My best sellers are slimlines, baron/jr gents, cigars, and gents.  Cigars are almost always to men for themselves or to women as gifts for men.  Slimlines are generally to women for themselves.  The others are fairly evenly split as to who is buying for whom.  I've found a decent market for gents to women with carpal tunnel.  And for materials, about 99% of my sales are non-plastic (wood, antler, cob, etc.)


----------



## Daniel (Mar 10, 2006)

Last year I set my web site up so someone can choose any pen they want from P.S.I. or CSUSA. so far all my sales have been CSUSA Pens. even the Americana style that would be a P.S.I. selection get skipped over for the CSUSA versions.
Gent pens have been my number one seller until this last week when the Americanas caught up with one order alone.
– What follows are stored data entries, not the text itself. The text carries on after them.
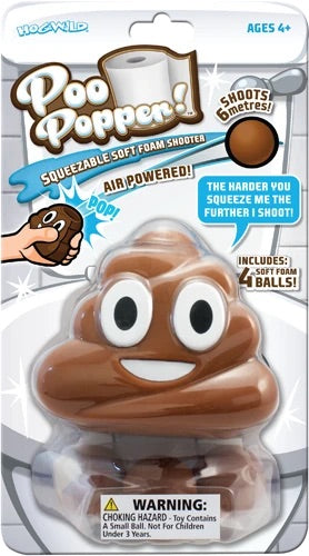 Based on the famed emoji Poo icon, this air powered popper shoots foam balls.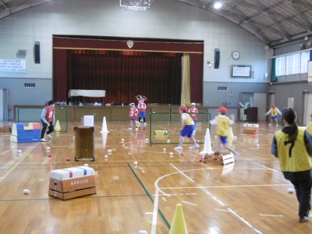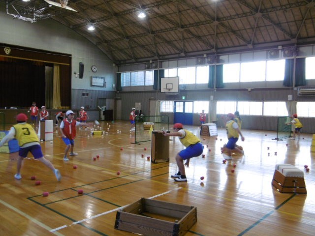 運動クラブは、玉入れの赤白の球を使って、スポーツ雪合戦をしました。作戦を考えて楽しみながら運動できました。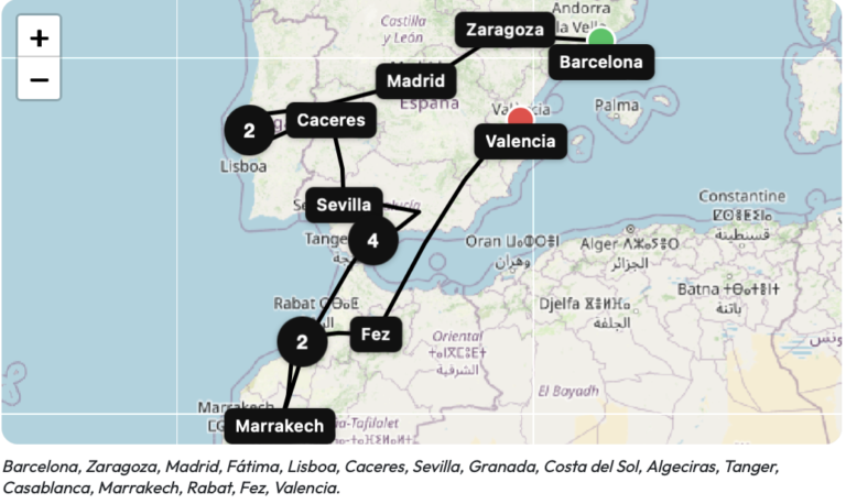 Madrid, Fátima, Lisboa, Caceres, Sevilla, Granada, Tanger, Casablanca, Marrakech, Rabat, Fez, Algeciras, Córdoba, Toledo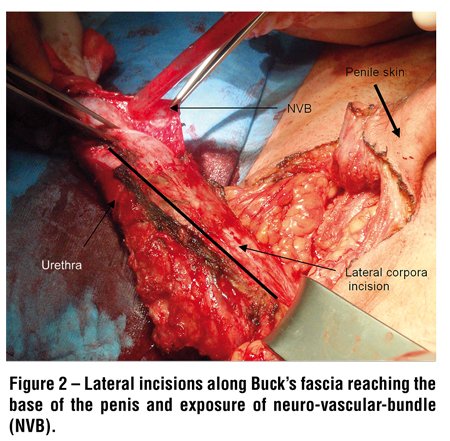 After positioning of the patient and disinfection of surgical area, a 1 meter iodine embalmed tampon is introduced in the rectum used as guide during construction of the neovaginal space. A 16 Fr. urethral catheter is placed and scrotal incision area is marked as shown in Figure-1. Superficial dissection of scrotal skin is performed and the collected tissue conserved in saline medium in case of using it as free skin flap. Bilateral orchiectomy is done followed by closure of the external inguinal ring. The base of the penis is laterally dissected apart from scrotal fat, which will be used to build the labia majora bilaterally. Penile skin is blunt dissected from the body after circular dissection about 0.5 cm from sulcus coronarius, preserving subcutaneous tissue as much as possible. After identification of the neurovascular bundle (NVB), lateral cauterization and incision along Buck’s fascia from the penis base up to sulcus coronarius is performed (Figure-2). The NVB is ventrally dissected and separated from the corpora cavernosa following dismembering of the urethra from the corpora. The corpora are dissected to their base, separated and resected after ligature at the level of the crura.

No slimlines have been ordered or even asked about.
I hope to add berea and Bills pens soon. it will be a real testing ground for what people like.


----------



## epson (Mar 10, 2006)

My best seller is the Barron rollerball, followed by the cigar.  I also sell a fair number of the Berea rollerballs with the fancy band.


----------



## donhint (Mar 20, 2006)

I do craft shows and consignment at local shops. my best selling pens by far are deer antler pens with rifle clips slimline and euro kits. have trouble getting enough stock to keep up


----------



## OSCAR15 (Apr 12, 2006)

Cigars are cheap to produce, yet they have a good mechanism and write well...I sell a lot of those, and Polaris as well.


----------



## huntersilver (Apr 12, 2006)

I agree, cigars are very good selling pens!


----------



## chigdon (Apr 12, 2006)

I sell pretty much in this order: Barons, Jr. Gentlemen's BALLPOINT (instead of cigars), Gentlemen's/Statesman, Emperor.  I don't make slimlines anymore because I hate them (sorry).  I started really using the Jr. Gents BP after the first one I tried as a far superior version of the cigar.  Don't get me wrong I loved the cigar and loved the price but the other is just a much nicer pen.  And I pretty much sell only wood pens but I pretty much only make wood pens.


----------